§ Data extracts:

= = =

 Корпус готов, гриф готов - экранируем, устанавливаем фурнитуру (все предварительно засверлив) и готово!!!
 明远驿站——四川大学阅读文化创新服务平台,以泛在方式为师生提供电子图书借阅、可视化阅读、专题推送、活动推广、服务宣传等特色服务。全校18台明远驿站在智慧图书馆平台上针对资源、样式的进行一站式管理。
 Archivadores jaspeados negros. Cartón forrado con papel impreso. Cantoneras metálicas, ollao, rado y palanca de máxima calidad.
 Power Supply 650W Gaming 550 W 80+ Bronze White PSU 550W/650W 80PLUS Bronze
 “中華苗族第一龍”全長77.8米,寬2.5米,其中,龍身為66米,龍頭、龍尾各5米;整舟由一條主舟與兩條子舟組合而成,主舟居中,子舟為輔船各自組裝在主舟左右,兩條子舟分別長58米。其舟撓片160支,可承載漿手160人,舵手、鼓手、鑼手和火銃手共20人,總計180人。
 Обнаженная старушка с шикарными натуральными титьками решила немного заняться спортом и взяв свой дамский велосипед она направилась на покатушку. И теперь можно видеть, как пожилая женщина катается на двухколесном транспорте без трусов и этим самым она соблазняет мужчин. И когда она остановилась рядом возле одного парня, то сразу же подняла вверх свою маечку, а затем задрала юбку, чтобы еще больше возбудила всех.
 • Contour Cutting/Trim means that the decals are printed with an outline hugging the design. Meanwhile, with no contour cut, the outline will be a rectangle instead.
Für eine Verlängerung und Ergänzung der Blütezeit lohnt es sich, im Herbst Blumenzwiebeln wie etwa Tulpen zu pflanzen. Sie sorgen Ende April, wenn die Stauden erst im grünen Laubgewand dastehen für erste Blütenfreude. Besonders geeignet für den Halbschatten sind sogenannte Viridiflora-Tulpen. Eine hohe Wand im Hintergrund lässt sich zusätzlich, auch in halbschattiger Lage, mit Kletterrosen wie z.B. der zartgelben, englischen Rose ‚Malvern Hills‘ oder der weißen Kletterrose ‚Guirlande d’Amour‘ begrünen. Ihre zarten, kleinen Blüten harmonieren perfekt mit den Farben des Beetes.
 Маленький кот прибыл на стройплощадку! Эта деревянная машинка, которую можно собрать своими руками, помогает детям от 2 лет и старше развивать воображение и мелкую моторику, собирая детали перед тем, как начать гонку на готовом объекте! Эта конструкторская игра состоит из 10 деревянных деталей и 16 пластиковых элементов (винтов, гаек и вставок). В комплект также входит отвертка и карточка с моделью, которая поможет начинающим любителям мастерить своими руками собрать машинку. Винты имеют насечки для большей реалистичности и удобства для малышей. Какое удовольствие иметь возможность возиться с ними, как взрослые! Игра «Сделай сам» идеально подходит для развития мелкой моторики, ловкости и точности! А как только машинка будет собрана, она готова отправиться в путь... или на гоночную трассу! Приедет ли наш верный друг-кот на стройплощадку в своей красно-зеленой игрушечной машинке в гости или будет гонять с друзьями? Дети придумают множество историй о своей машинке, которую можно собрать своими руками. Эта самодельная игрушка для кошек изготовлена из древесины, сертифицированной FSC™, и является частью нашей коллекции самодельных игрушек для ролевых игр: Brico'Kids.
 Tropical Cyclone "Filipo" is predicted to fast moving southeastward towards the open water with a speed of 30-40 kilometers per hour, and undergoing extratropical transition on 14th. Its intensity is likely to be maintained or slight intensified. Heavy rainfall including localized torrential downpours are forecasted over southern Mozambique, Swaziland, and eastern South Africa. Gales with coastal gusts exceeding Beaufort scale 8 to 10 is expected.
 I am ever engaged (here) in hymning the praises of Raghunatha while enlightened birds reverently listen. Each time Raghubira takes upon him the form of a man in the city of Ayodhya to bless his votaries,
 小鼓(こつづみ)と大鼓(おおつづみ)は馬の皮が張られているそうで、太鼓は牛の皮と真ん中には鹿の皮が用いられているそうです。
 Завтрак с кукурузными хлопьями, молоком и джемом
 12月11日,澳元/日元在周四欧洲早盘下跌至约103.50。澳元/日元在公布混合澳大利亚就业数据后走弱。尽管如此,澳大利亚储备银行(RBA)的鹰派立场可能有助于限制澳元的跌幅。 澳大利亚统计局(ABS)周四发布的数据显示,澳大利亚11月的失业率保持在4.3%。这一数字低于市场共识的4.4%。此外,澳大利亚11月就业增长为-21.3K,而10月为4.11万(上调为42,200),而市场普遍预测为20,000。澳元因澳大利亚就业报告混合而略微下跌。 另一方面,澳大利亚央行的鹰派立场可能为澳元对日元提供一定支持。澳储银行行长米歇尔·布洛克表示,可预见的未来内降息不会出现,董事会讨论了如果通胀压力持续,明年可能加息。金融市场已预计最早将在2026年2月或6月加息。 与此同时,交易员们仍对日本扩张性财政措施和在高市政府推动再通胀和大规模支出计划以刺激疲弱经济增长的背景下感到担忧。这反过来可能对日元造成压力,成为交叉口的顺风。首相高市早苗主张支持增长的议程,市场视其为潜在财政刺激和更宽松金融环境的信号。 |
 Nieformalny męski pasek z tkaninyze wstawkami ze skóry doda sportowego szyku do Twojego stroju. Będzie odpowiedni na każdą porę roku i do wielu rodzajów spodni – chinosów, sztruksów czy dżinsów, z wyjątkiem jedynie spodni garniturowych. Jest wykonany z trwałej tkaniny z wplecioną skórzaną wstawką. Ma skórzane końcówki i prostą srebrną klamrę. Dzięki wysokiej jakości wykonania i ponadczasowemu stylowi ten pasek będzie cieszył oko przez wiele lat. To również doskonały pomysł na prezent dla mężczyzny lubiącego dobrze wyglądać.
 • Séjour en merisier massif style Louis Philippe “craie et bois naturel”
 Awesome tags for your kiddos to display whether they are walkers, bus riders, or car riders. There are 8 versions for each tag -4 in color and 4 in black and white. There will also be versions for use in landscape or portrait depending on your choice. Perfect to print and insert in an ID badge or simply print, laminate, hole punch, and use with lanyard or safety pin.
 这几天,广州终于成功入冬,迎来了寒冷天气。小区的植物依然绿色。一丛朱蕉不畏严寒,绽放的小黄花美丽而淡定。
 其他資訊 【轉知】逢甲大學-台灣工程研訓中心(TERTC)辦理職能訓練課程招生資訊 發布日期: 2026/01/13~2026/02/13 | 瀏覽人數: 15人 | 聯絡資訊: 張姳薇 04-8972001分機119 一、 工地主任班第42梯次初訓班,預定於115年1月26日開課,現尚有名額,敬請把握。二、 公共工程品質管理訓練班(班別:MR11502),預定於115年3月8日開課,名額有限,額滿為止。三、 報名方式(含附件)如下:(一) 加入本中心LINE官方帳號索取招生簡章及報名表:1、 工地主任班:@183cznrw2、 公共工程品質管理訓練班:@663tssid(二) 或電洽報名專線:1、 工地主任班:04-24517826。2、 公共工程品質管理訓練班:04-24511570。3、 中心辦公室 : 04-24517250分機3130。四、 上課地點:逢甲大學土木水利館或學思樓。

= = =

§ How to complete this task:
Each record must be transcribed word for word.

§ Answer space:
 Корпус готов, гриф готов - экранируем, устанавливаем фурнитуру (все предварительно засверлив) и готово!!!
 明远驿站——四川大学阅读文化创新服务平台,以泛在方式为师生提供电子图书借阅、可视化阅读、专题推送、活动推广、服务宣传等特色服务。全校18台明远驿站在智慧图书馆平台上针对资源、样式的进行一站式管理。
 Archivadores jaspeados negros. Cartón forrado con papel impreso. Cantoneras metálicas, ollao, rado y palanca de máxima calidad.
 Power Supply 650W Gaming 550 W 80+ Bronze White PSU 550W/650W 80PLUS Bronze
 “中華苗族第一龍”全長77.8米,寬2.5米,其中,龍身為66米,龍頭、龍尾各5米;整舟由一條主舟與兩條子舟組合而成,主舟居中,子舟為輔船各自組裝在主舟左右,兩條子舟分別長58米。其舟撓片160支,可承載漿手160人,舵手、鼓手、鑼手和火銃手共20人,總計180人。
 Обнаженная старушка с шикарными натуральными титьками решила немного заняться спортом и взяв свой дамский велосипед она направилась на покатушку. И теперь можно видеть, как пожилая женщина катается на двухколесном транспорте без трусов и этим самым она соблазняет мужчин. И когда она остановилась рядом возле одного парня, то сразу же подняла вверх свою маечку, а затем задрала юбку, чтобы еще больше возбудила всех.
 • Contour Cutting/Trim means that the decals are printed with an outline hugging the design. Meanwhile, with no contour cut, the outline will be a rectangle instead.
Für eine Verlängerung und Ergänzung der Blütezeit lohnt es sich, im Herbst Blumenzwiebeln wie etwa Tulpen zu pflanzen. Sie sorgen Ende April, wenn die Stauden erst im grünen Laubgewand dastehen für erste Blütenfreude. Besonders geeignet für den Halbschatten sind sogenannte Viridiflora-Tulpen. Eine hohe Wand im Hintergrund lässt sich zusätzlich, auch in halbschattiger Lage, mit Kletterrosen wie z.B. der zartgelben, englischen Rose ‚Malvern Hills‘ oder der weißen Kletterrose ‚Guirlande d’Amour‘ begrünen. Ihre zarten, kleinen Blüten harmonieren perfekt mit den Farben des Beetes.
 Маленький кот прибыл на стройплощадку! Эта деревянная машинка, которую можно собрать своими руками, помогает детям от 2 лет и старше развивать воображение и мелкую моторику, собирая детали перед тем, как начать гонку на готовом объекте! Эта конструкторская игра состоит из 10 деревянных деталей и 16 пластиковых элементов (винтов, гаек и вставок). В комплект также входит отвертка и карточка с моделью, которая поможет начинающим любителям мастерить своими руками собрать машинку. Винты имеют насечки для большей реалистичности и удобства для малышей. Какое удовольствие иметь возможность возиться с ними, как взрослые! Игра «Сделай сам» идеально подходит для развития мелкой моторики, ловкости и точности! А как только машинка будет собрана, она готова отправиться в путь... или на гоночную трассу! Приедет ли наш верный друг-кот на стройплощадку в своей красно-зеленой игрушечной машинке в гости или будет гонять с друзьями? Дети придумают множество историй о своей машинке, которую можно собрать своими руками. Эта самодельная игрушка для кошек изготовлена из древесины, сертифицированной FSC™, и является частью нашей коллекции самодельных игрушек для ролевых игр: Brico'Kids.
 Tropical Cyclone "Filipo" is predicted to fast moving southeastward towards the open water with a speed of 30-40 kilometers per hour, and undergoing extratropical transition on 14th. Its intensity is likely to be maintained or slight intensified. Heavy rainfall including localized torrential downpours are forecasted over southern Mozambique, Swaziland, and eastern South Africa. Gales with coastal gusts exceeding Beaufort scale 8 to 10 is expected.
 I am ever engaged (here) in hymning the praises of Raghunatha while enlightened birds reverently listen. Each time Raghubira takes upon him the form of a man in the city of Ayodhya to bless his votaries,
 小鼓(こつづみ)と大鼓(おおつづみ)は馬の皮が張られているそうで、太鼓は牛の皮と真ん中には鹿の皮が用いられているそうです。
 Завтрак с кукурузными хлопьями, молоком и джемом
 12月11日,澳元/日元在周四欧洲早盘下跌至约103.50。澳元/日元在公布混合澳大利亚就业数据后走弱。尽管如此,澳大利亚储备银行(RBA)的鹰派立场可能有助于限制澳元的跌幅。 澳大利亚统计局(ABS)周四发布的数据显示,澳大利亚11月的失业率保持在4.3%。这一数字低于市场共识的4.4%。此外,澳大利亚11月就业增长为-21.3K,而10月为4.11万(上调为42,200),而市场普遍预测为20,000。澳元因澳大利亚就业报告混合而略微下跌。 另一方面,澳大利亚央行的鹰派立场可能为澳元对日元提供一定支持。澳储银行行长米歇尔·布洛克表示,可预见的未来内降息不会出现,董事会讨论了如果通胀压力持续,明年可能加息。金融市场已预计最早将在2026年2月或6月加息。 与此同时,交易员们仍对日本扩张性财政措施和在高市政府推动再通胀和大规模支出计划以刺激疲弱经济增长的背景下感到担忧。这反过来可能对日元造成压力,成为交叉口的顺风。首相高市早苗主张支持增长的议程,市场视其为潜在财政刺激和更宽松金融环境的信号。 |
 Nieformalny męski pasek z tkaninyze wstawkami ze skóry doda sportowego szyku do Twojego stroju. Będzie odpowiedni na każdą porę roku i do wielu rodzajów spodni – chinosów, sztruksów czy dżinsów, z wyjątkiem jedynie spodni garniturowych. Jest wykonany z trwałej tkaniny z wplecioną skórzaną wstawką. Ma skórzane końcówki i prostą srebrną klamrę. Dzięki wysokiej jakości wykonania i ponadczasowemu stylowi ten pasek będzie cieszył oko przez wiele lat. To również doskonały pomysł na prezent dla mężczyzny lubiącego dobrze wyglądać.
 • Séjour en merisier massif style Louis Philippe “craie et bois naturel”
 Awesome tags for your kiddos to display whether they are walkers, bus riders, or car riders. There are 8 versions for each tag -4 in color and 4 in black and white. There will also be versions for use in landscape or portrait depending on your choice. Perfect to print and insert in an ID badge or simply print, laminate, hole punch, and use with lanyard or safety pin.
 这几天,广州终于成功入冬,迎来了寒冷天气。小区的植物依然绿色。一丛朱蕉不畏严寒,绽放的小黄花美丽而淡定。
 其他資訊 【轉知】逢甲大學-台灣工程研訓中心(TERTC)辦理職能訓練課程招生資訊 發布日期: 2026/01/13~2026/02/13 | 瀏覽人數: 15人 | 聯絡資訊: 張姳薇 04-8972001分機119 一、 工地主任班第42梯次初訓班,預定於115年1月26日開課,現尚有名額,敬請把握。二、 公共工程品質管理訓練班(班別:MR11502),預定於115年3月8日開課,名額有限,額滿為止。三、 報名方式(含附件)如下:(一) 加入本中心LINE官方帳號索取招生簡章及報名表:1、 工地主任班:@183cznrw2、 公共工程品質管理訓練班:@663tssid(二) 或電洽報名專線:1、 工地主任班:04-24517826。2、 公共工程品質管理訓練班:04-24511570。3、 中心辦公室 : 04-24517250分機3130。四、 上課地點:逢甲大學土木水利館或學思樓。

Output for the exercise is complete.